_WHAT YOU ARE ASKED TO DO_
Please write out only the lines from the line with "第24回ミニ相談会の様子" to the line with "de les Borges", inclusive, exactly as they stand below, without the pictures.

_DATA SHOWN_
-- Opening Marker --

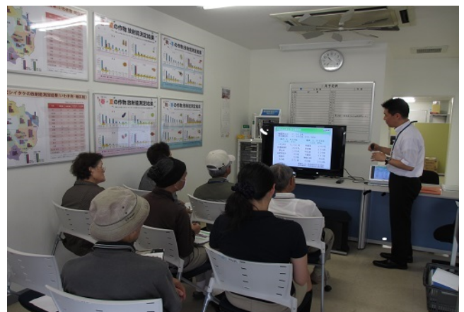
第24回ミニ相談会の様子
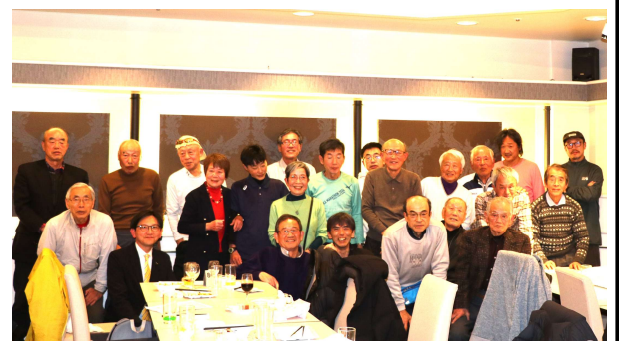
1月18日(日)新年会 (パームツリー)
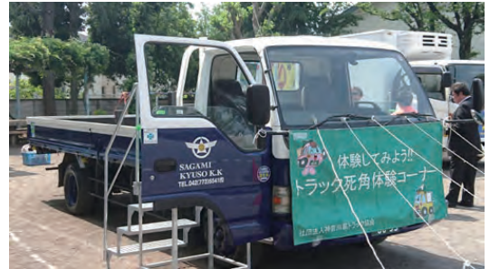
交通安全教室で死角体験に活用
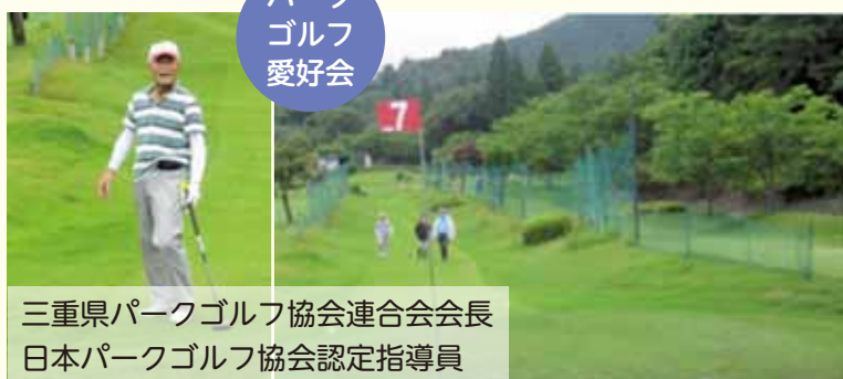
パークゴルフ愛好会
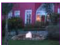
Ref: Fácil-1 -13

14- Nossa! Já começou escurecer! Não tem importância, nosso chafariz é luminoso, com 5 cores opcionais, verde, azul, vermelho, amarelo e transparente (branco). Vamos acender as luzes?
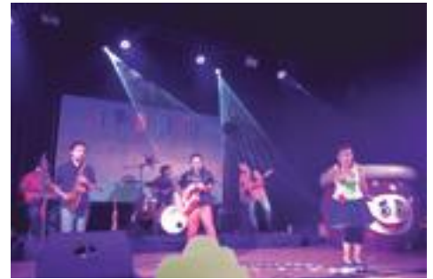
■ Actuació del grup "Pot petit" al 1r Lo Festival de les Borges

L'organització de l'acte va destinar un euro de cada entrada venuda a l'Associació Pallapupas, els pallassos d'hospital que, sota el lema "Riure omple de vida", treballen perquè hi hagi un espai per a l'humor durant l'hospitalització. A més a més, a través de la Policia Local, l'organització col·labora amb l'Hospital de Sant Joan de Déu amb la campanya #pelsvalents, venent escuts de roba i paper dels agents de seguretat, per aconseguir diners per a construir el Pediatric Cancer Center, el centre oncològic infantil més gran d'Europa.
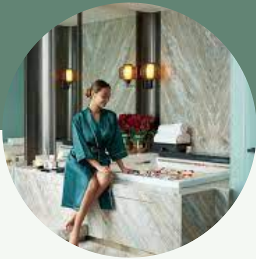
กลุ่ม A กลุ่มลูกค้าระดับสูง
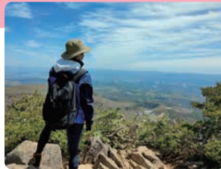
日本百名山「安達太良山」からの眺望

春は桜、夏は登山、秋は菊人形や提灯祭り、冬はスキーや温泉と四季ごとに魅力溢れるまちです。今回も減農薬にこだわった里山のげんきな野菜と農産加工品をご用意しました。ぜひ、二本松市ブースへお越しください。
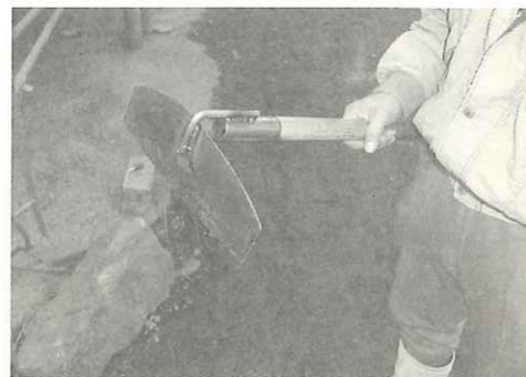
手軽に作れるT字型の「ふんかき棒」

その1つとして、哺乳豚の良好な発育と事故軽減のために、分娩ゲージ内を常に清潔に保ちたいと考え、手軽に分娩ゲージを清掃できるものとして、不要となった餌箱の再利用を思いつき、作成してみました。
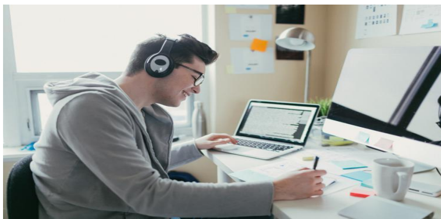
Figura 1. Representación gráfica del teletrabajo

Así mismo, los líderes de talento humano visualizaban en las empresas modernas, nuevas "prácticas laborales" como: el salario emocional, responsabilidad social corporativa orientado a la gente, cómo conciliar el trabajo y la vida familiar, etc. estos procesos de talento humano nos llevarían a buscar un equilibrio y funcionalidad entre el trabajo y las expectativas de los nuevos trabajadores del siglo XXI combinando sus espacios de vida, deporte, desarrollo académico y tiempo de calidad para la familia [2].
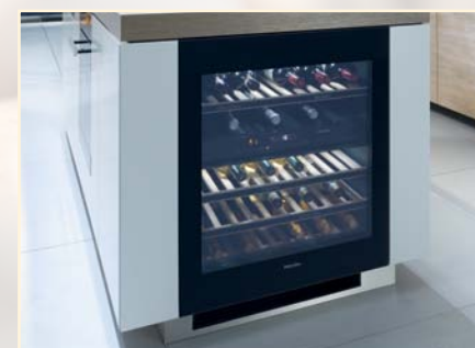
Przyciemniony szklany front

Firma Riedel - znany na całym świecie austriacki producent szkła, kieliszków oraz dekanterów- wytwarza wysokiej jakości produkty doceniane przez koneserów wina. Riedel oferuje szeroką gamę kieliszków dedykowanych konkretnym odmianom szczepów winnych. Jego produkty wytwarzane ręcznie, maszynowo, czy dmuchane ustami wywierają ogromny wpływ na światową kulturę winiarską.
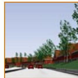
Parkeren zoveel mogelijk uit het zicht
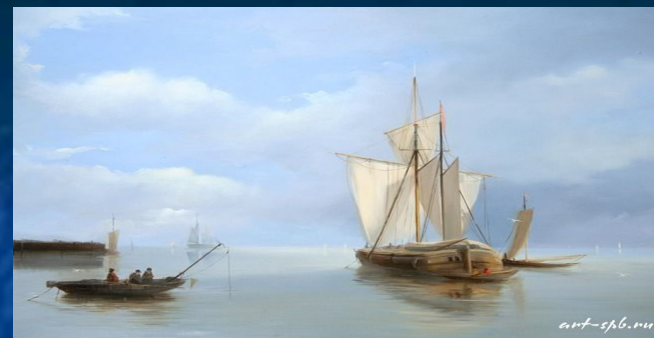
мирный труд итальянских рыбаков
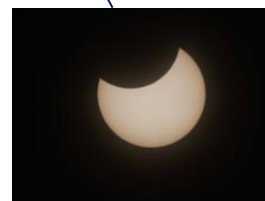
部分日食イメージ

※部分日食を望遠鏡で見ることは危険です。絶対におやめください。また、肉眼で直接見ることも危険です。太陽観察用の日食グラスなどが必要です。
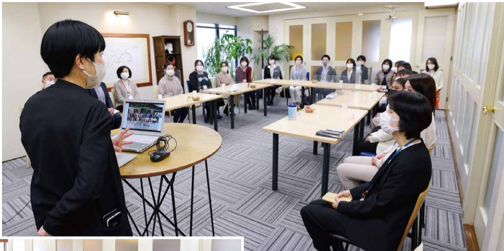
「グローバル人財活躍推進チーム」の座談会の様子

-- Closing Marker --
-- Opening Marker --

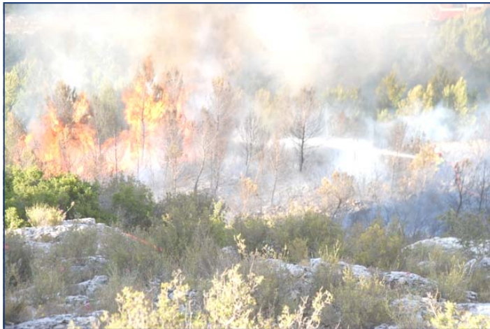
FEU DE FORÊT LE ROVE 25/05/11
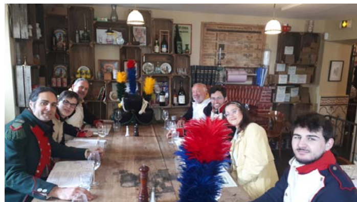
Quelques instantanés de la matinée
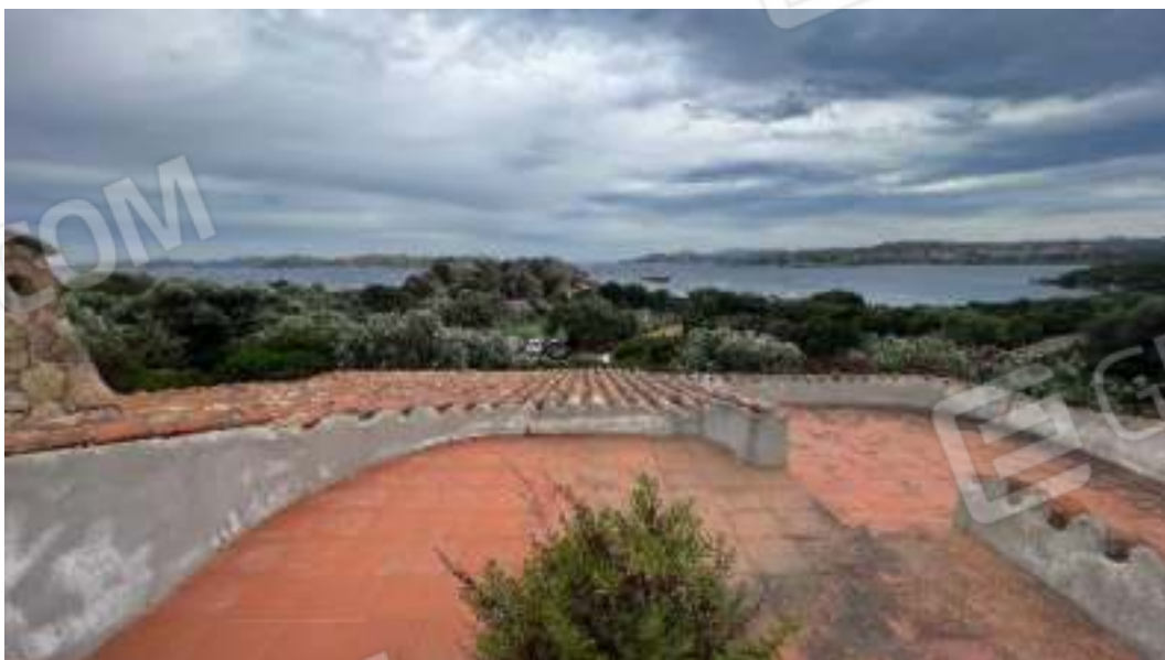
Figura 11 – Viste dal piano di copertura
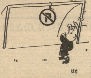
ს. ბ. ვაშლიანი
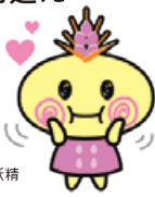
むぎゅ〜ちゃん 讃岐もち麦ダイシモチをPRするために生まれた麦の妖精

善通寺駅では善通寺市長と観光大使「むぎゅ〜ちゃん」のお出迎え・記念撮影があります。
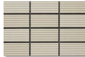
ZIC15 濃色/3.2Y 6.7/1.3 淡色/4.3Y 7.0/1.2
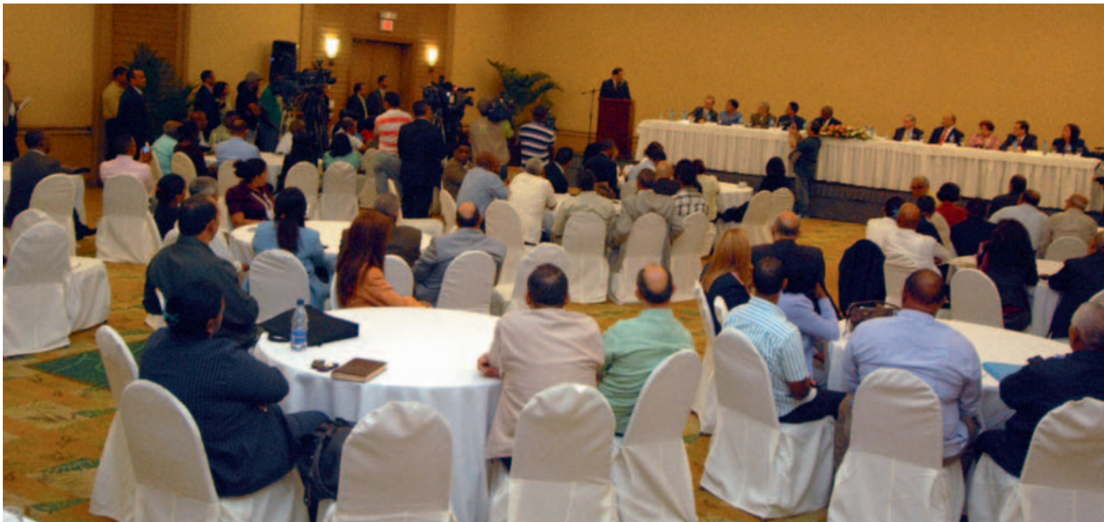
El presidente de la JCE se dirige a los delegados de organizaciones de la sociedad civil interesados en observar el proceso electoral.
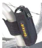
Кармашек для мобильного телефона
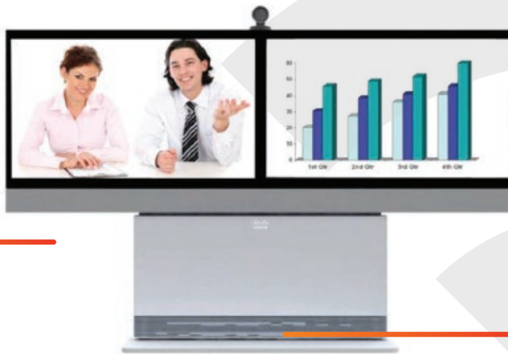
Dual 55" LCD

-- Closing Marker --

_SOLUTION FOR THIS EXERCISE_
第24回ミニ相談会の様子
1月18日(日)新年会 (パームツリー)
交通安全教室で死角体験に活用
パークゴルフ愛好会
Ref: Fácil-1 -13

14- Nossa! Já começou escurecer! Não tem importância, nosso chafariz é luminoso, com 5 cores opcionais, verde, azul, vermelho, amarelo e transparente (branco). Vamos acender as luzes?
■ Actuació del grup "Pot petit" al 1r Lo Festival de les Borges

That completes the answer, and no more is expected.